_Exercise:_
When you copy from the entries that follow, take only the lines from the one with "(本网讯)12月18日下午,2016年在" down to the one with "- Expand Display", keeping both ends and dropping every picture.

_Entries provided:_
- - - - -
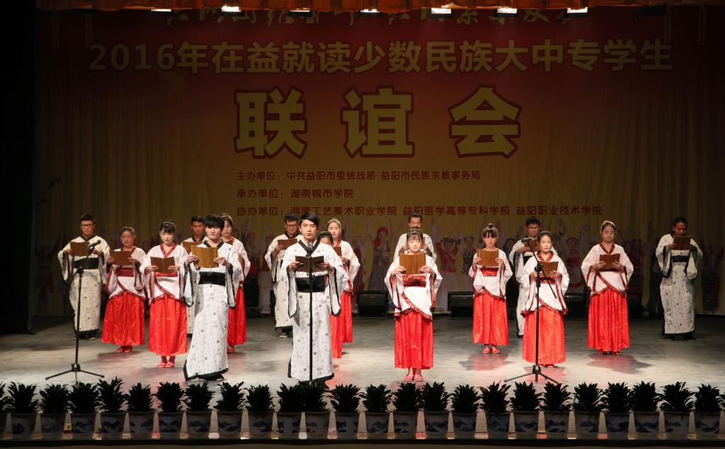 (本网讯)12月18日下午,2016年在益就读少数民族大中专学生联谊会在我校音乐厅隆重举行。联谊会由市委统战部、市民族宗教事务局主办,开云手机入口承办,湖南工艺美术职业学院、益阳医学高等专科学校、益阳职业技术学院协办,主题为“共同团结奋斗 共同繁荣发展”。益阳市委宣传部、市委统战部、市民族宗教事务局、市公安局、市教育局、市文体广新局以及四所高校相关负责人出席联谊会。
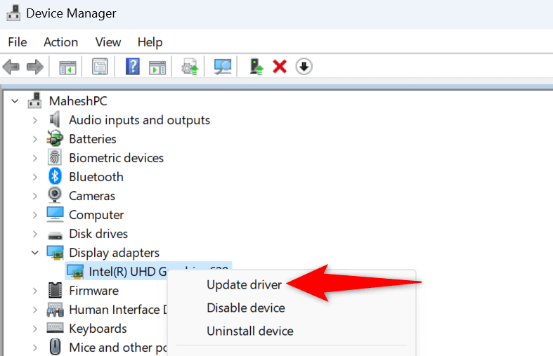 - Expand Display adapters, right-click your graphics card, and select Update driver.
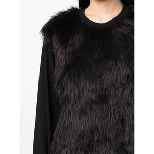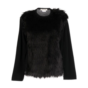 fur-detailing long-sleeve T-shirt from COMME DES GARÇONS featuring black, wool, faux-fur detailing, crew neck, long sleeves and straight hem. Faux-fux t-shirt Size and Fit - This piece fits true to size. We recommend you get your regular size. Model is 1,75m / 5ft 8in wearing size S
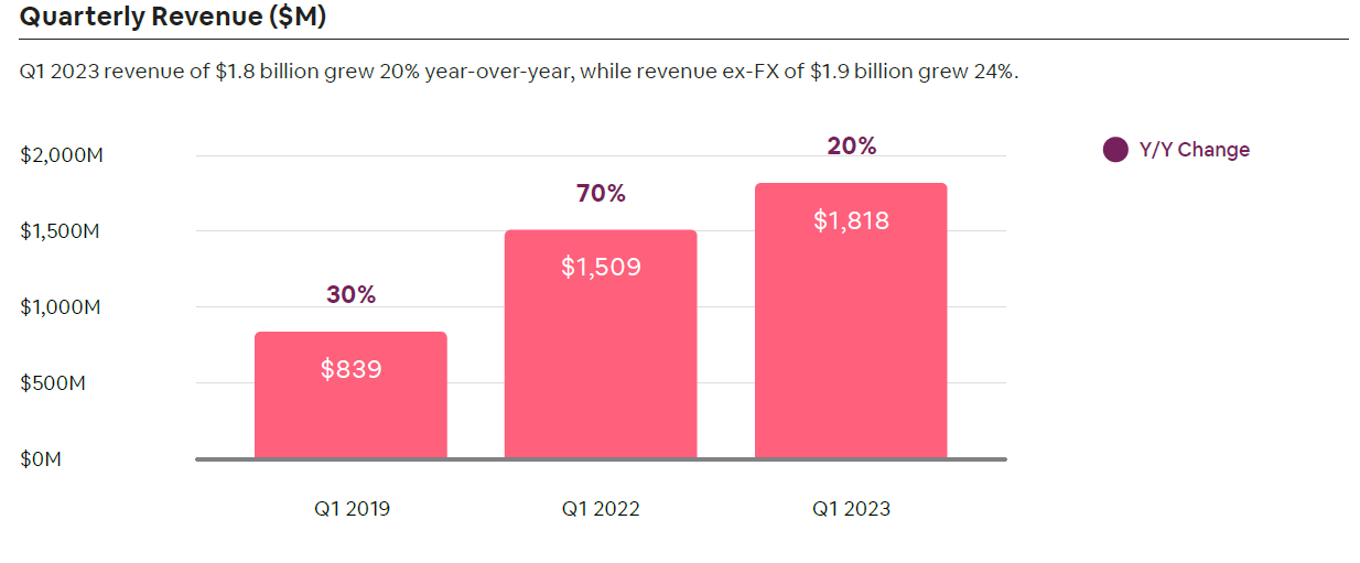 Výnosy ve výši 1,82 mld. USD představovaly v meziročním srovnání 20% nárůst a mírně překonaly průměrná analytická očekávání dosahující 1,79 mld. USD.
- - - - -
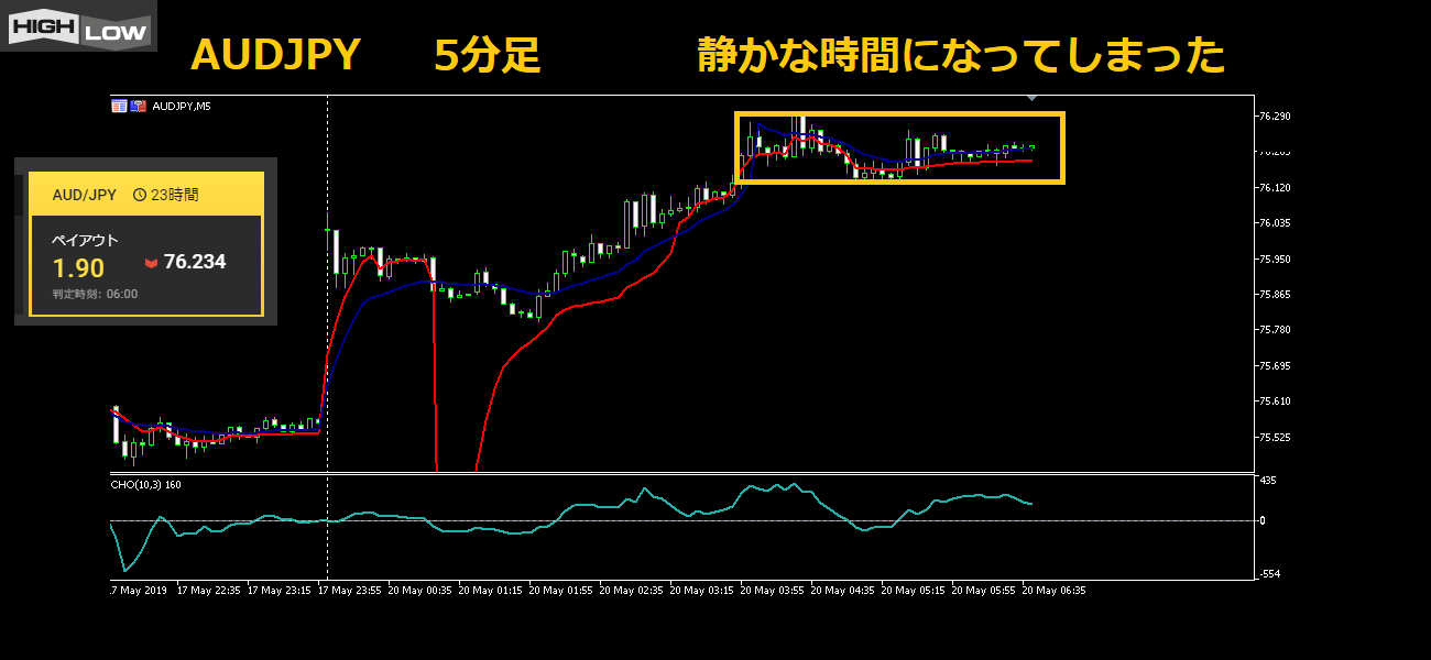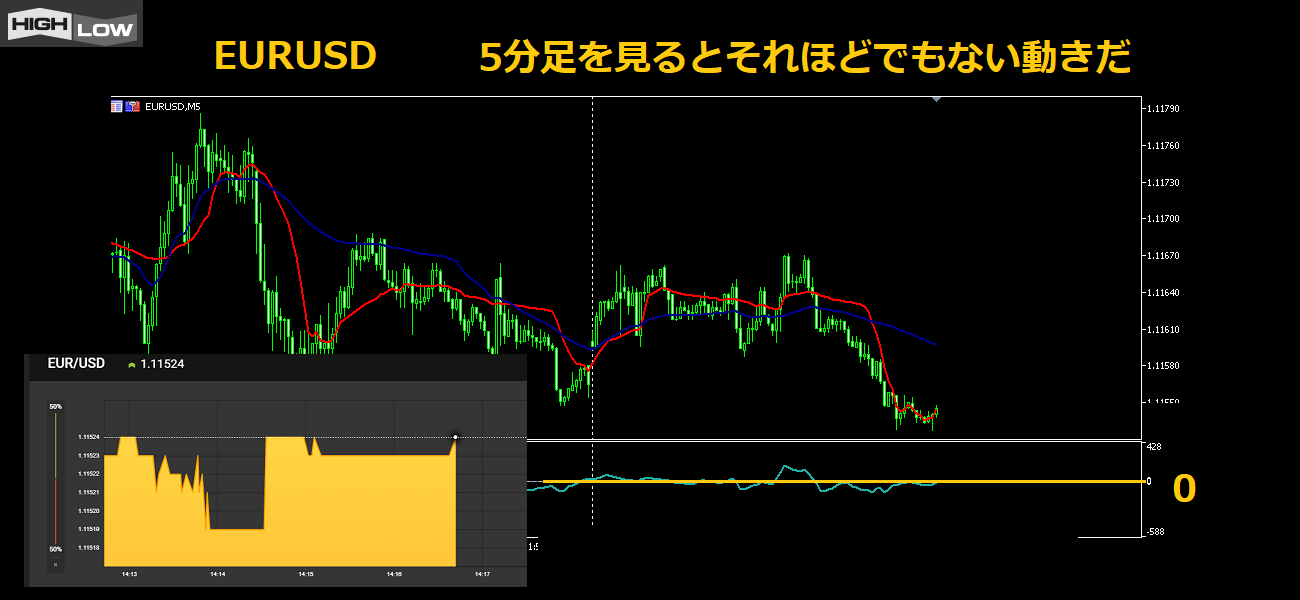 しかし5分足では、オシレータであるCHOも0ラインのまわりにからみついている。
- - - - -
_Response to this task:_
 (本网讯)12月18日下午,2016年在益就读少数民族大中专学生联谊会在我校音乐厅隆重举行。联谊会由市委统战部、市民族宗教事务局主办,开云手机入口承办,湖南工艺美术职业学院、益阳医学高等专科学校、益阳职业技术学院协办,主题为“共同团结奋斗 共同繁荣发展”。益阳市委宣传部、市委统战部、市民族宗教事务局、市公安局、市教育局、市文体广新局以及四所高校相关负责人出席联谊会。
 - Expand Display adapters, right-click your graphics card, and select Update driver.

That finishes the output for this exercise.